TASK GOAL:
Transcribe only the lines of the listing below from the one holding "Add the chicken" through the one holding "LOT 164: Large", inclusive, without any change.

── ENTRIES PROVIDED ──

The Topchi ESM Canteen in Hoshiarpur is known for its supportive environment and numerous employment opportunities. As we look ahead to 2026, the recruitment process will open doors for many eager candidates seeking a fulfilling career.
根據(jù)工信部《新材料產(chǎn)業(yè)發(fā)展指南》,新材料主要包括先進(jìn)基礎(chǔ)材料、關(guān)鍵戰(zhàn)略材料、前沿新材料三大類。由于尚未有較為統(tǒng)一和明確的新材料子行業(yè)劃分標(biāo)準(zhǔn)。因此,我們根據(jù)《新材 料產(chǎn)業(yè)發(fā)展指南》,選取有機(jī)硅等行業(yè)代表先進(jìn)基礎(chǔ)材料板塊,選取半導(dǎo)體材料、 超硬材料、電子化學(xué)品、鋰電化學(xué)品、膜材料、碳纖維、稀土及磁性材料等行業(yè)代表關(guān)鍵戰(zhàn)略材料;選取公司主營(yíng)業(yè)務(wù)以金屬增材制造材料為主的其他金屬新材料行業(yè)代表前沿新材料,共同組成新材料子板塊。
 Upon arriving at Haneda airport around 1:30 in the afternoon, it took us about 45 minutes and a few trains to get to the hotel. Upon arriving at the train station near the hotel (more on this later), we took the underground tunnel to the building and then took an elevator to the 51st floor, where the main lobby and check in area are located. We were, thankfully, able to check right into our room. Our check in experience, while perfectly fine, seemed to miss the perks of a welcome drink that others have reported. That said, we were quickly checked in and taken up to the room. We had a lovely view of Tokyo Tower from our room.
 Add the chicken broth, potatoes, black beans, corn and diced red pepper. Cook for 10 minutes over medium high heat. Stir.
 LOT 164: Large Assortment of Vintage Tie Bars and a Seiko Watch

───
── ENTRIES PROVIDED ──

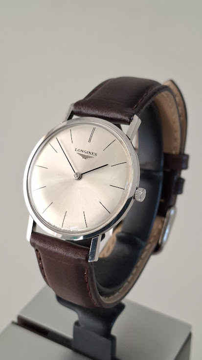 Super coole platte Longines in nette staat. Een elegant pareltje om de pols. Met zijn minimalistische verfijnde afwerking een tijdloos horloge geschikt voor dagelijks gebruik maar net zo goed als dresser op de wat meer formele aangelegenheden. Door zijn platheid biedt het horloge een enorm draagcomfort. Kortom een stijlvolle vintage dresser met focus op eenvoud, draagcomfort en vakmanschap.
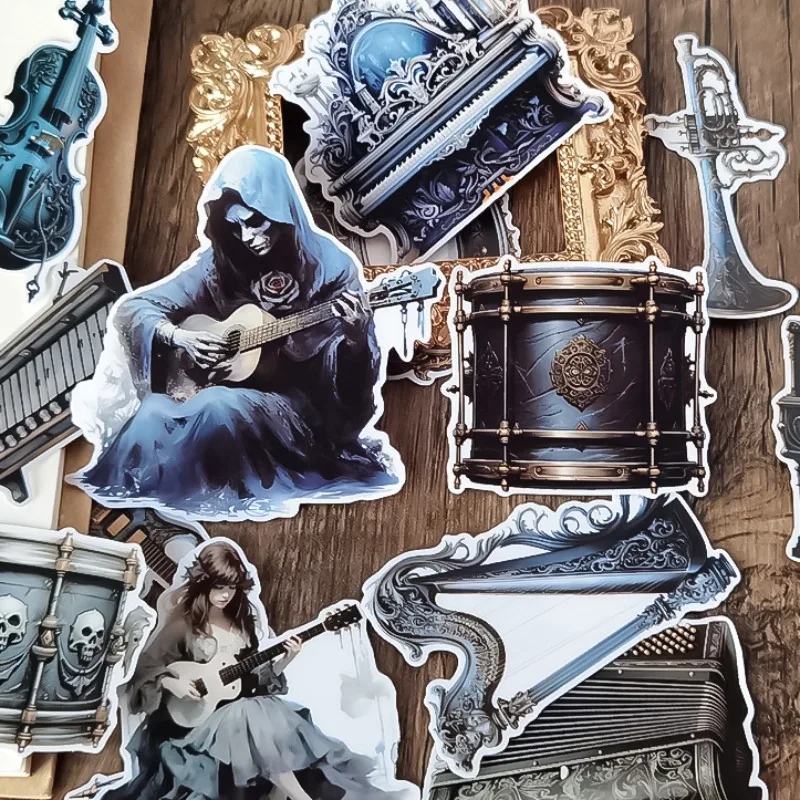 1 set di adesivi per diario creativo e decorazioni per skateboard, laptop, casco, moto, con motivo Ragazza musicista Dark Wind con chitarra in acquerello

───
── ENTRIES PROVIDED ──

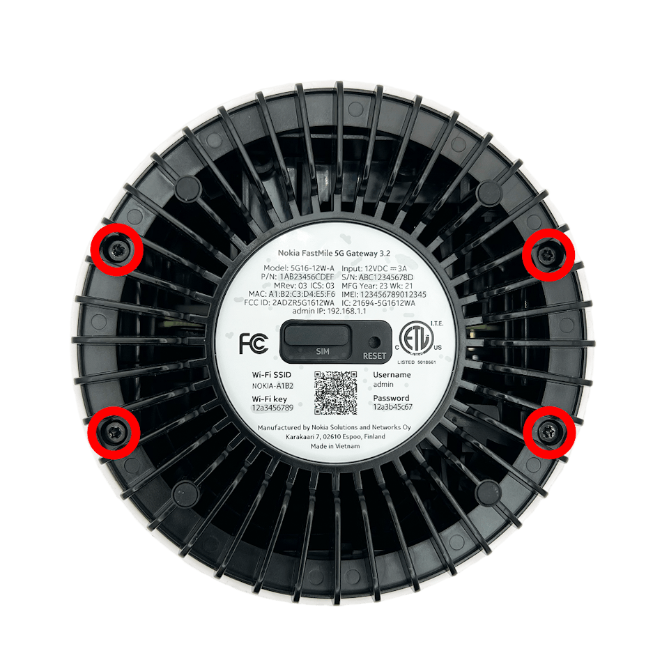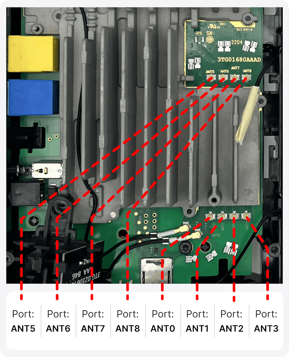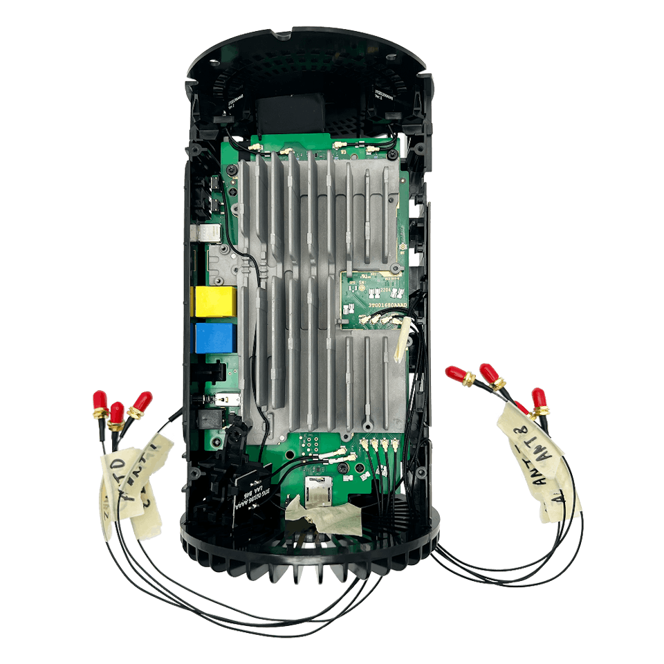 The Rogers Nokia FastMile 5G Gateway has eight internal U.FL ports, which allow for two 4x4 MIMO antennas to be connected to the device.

───

REPLY:
 Add the chicken broth, potatoes, black beans, corn and diced red pepper. Cook for 10 minutes over medium high heat. Stir.
 LOT 164: Large Assortment of Vintage Tie Bars and a Seiko Watch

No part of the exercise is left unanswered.